With cancer therapies come side effects, psychosocial effects, and sometimes challenges with posttreatment mobility, activities of daily living, and even self-care. Three articles in this issue deal with those posttreatment issues. On page e130, Kundu and colleagues report on a prospective study in which they evaluated physical and psychosocial functioning after diagnosis of prostate cancer and the factors associated with treatment satisfaction after treatment. They found that despite declines in erectile function and sexual domains, treatment satisfaction was more closely related to emotional, psychosocial, and nonsexual effects, underscoring the importance of assessing health-related quality-of-life outcomes beyond physical functioning. Forrest and colleagues (p. e138) set out to report outcomes of patients who received radiation therapy while on an inpatient rehabilitation facility and found that comprehensive care that includes radiation and rehabilitation at the inpatient rehabilitation facility level benefits appropriately selected patients. And on page e145, Ibrahim and colleagues tracked the effectiveness of a 12-week exercise program on long-term levels of upper-limb pain in young survivors of breast cancer and found that although there was some transient improvement in shoulder pain, it did not translate in to long-term benefits.

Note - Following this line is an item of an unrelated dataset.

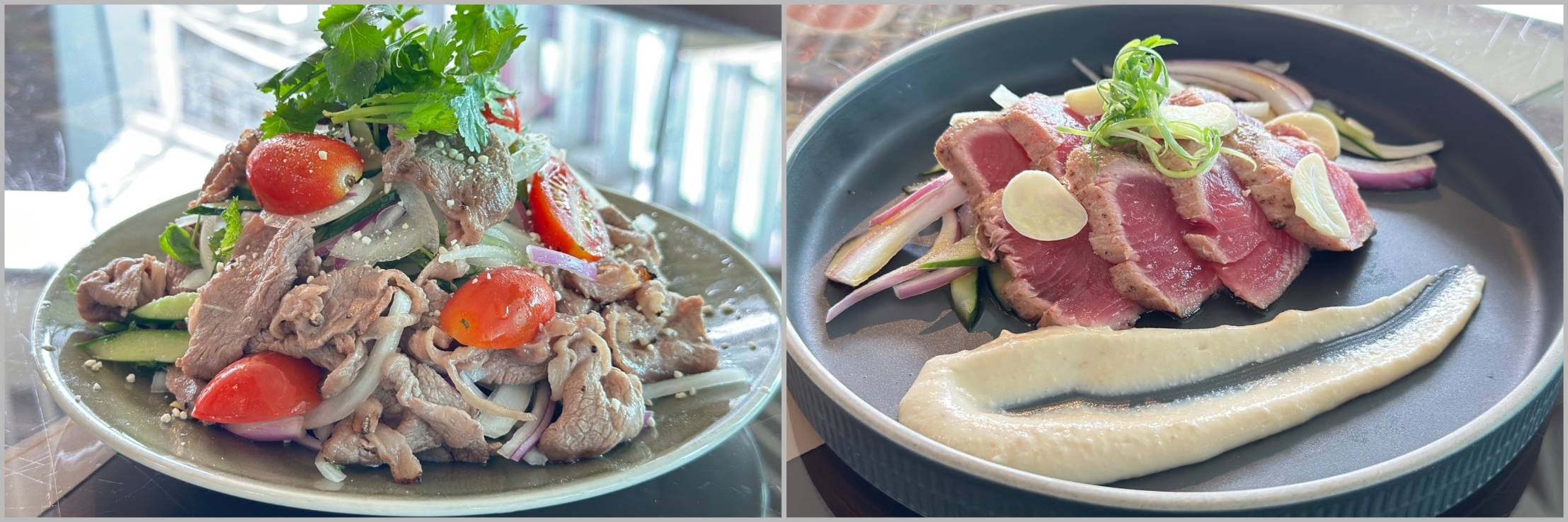 ▲泰北瀑布烤牛沙拉及鰹魚半敲燒。( 圖 業者提供 )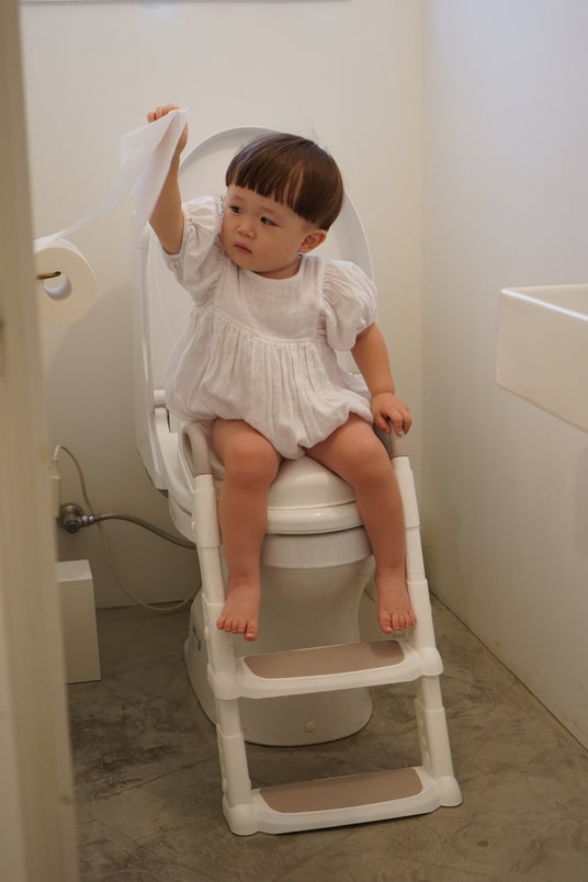 足がしっかり届く姿勢で、踏ん張りやすく、スムーズな排便をサポートすることで、トイレを「できた!」の体験の場に変え、子どもの自信を育みます。

Our usual line-up of Case Reports on clinical challenges in the practice setting includes the case of a child with carcinoma of the colon (p. e152); two separate reports on patients with therapy-related skin reactions, one with radiation dermatitis (p.e156), the other with a reaction to a checkpoint inhibitor (p. e159); and a patient with recurrence of a small gastric gastrointestinal stromal tumor with high mitotic index (p. e163).